*** Opening Stored data ***

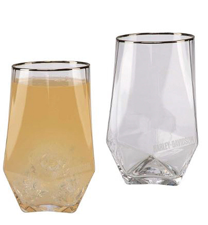 With the custom geometric shape, with the metallic silver-tone trim and with the etched Harley-Davidson® name, the H-D® Geometric Highball Set offers a lifestyle expression for an intimate toast. This set of two 18-oz. glasses provides a delightful service for your blend of top-shelf liquor and your favorite mixer with your favorite enthusiast. Hand wash only. Do not microwave. Each glass holds approximately 18 fluid ounces. Glass.
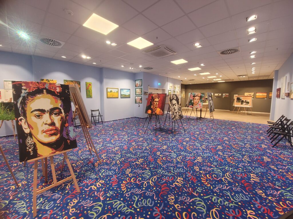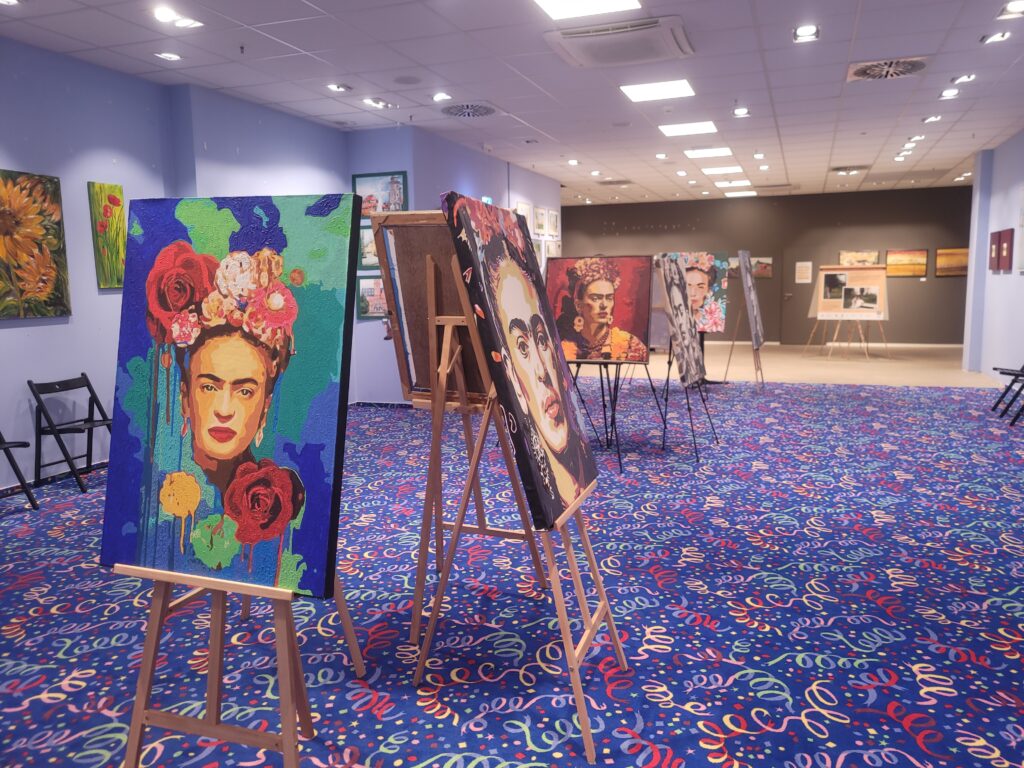 Am 2. April wurde im Kunstraum im Märkischen Zentrum die Sonderausstellung „Hommage an Frida Kahlo“ von Barbara Ellen Speckner eröffnet. Ab 15 Uhr kamen Besucherinnen und Besucher zusammen, um sich die neuen Arbeiten anzusehen und miteinander ins Gespräch zu kommen. Zum Auftakt gab es eine kurze Ansprache. Im Raum standen kleine Snacks und Getränke bereit. Gezeigt werden neue Bilder von Barbara Ellen Speckner, die den Kunstraum für die kommenden Wochen ergänzen. Die Arbeiten sind im Rahmen der Ausstellung frei zugänglich und können während der Öffnungszeiten betrachtet werden.
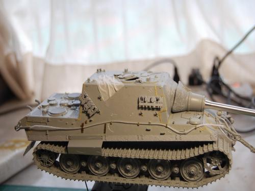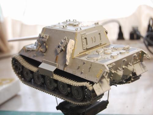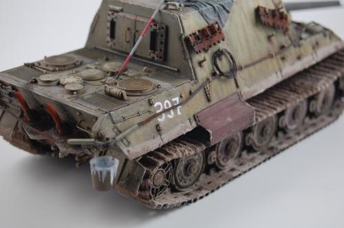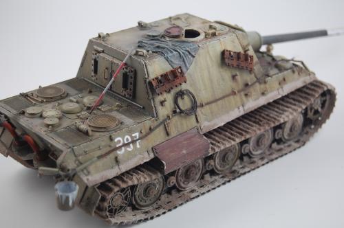 本次制作的猎虎是威龙的6285,此款猎虎组合度和精确度都不错,只是稍微有点小细节不胜满意。 此次参赛的猎虎涂装 是参考了 MIG的 猎虎 ,主要的设定是刚从战场拉下来 准备大修!又或者说是作为靶车,呵呵。 细节方面,用AB补土追加了焊接纹,还有用废弃的PE 做了一些细节上的改动,包括铰链等等。。。。 至于涂装方面,主色还是应用了 德国暖黄,喷涂手法尝试了一下CM大法,还是不得要领,要继续摸索,哈哈哈 泥土 还是用了MIG的天然土,主要表达 干湿,不过后期还是做得不明显。。。 弹坑的制作 ,打磨然后用补土周围蕉一圈。最后用防锈红体现出底色,不过这次拍摄 实在不咋样!以后要多多研究摄影! 好了,这次制作猎虎就差不多这些内容!! 辛苦各位,评审了!

*** Closing Stored data ***

The task
Your task is an exact transcription of all the data, minus the pictures.

Exercise response
 With the custom geometric shape, with the metallic silver-tone trim and with the etched Harley-Davidson® name, the H-D® Geometric Highball Set offers a lifestyle expression for an intimate toast. This set of two 18-oz. glasses provides a delightful service for your blend of top-shelf liquor and your favorite mixer with your favorite enthusiast. Hand wash only. Do not microwave. Each glass holds approximately 18 fluid ounces. Glass.
 Am 2. April wurde im Kunstraum im Märkischen Zentrum die Sonderausstellung „Hommage an Frida Kahlo“ von Barbara Ellen Speckner eröffnet. Ab 15 Uhr kamen Besucherinnen und Besucher zusammen, um sich die neuen Arbeiten anzusehen und miteinander ins Gespräch zu kommen. Zum Auftakt gab es eine kurze Ansprache. Im Raum standen kleine Snacks und Getränke bereit. Gezeigt werden neue Bilder von Barbara Ellen Speckner, die den Kunstraum für die kommenden Wochen ergänzen. Die Arbeiten sind im Rahmen der Ausstellung frei zugänglich und können während der Öffnungszeiten betrachtet werden.
 本次制作的猎虎是威龙的6285,此款猎虎组合度和精确度都不错,只是稍微有点小细节不胜满意。 此次参赛的猎虎涂装 是参考了 MIG的 猎虎 ,主要的设定是刚从战场拉下来 准备大修!又或者说是作为靶车,呵呵。 细节方面,用AB补土追加了焊接纹,还有用废弃的PE 做了一些细节上的改动,包括铰链等等。。。。 至于涂装方面,主色还是应用了 德国暖黄,喷涂手法尝试了一下CM大法,还是不得要领,要继续摸索,哈哈哈 泥土 还是用了MIG的天然土,主要表达 干湿,不过后期还是做得不明显。。。 弹坑的制作 ,打磨然后用补土周围蕉一圈。最后用防锈红体现出底色,不过这次拍摄 实在不咋样!以后要多多研究摄影! 好了,这次制作猎虎就差不多这些内容!! 辛苦各位,评审了!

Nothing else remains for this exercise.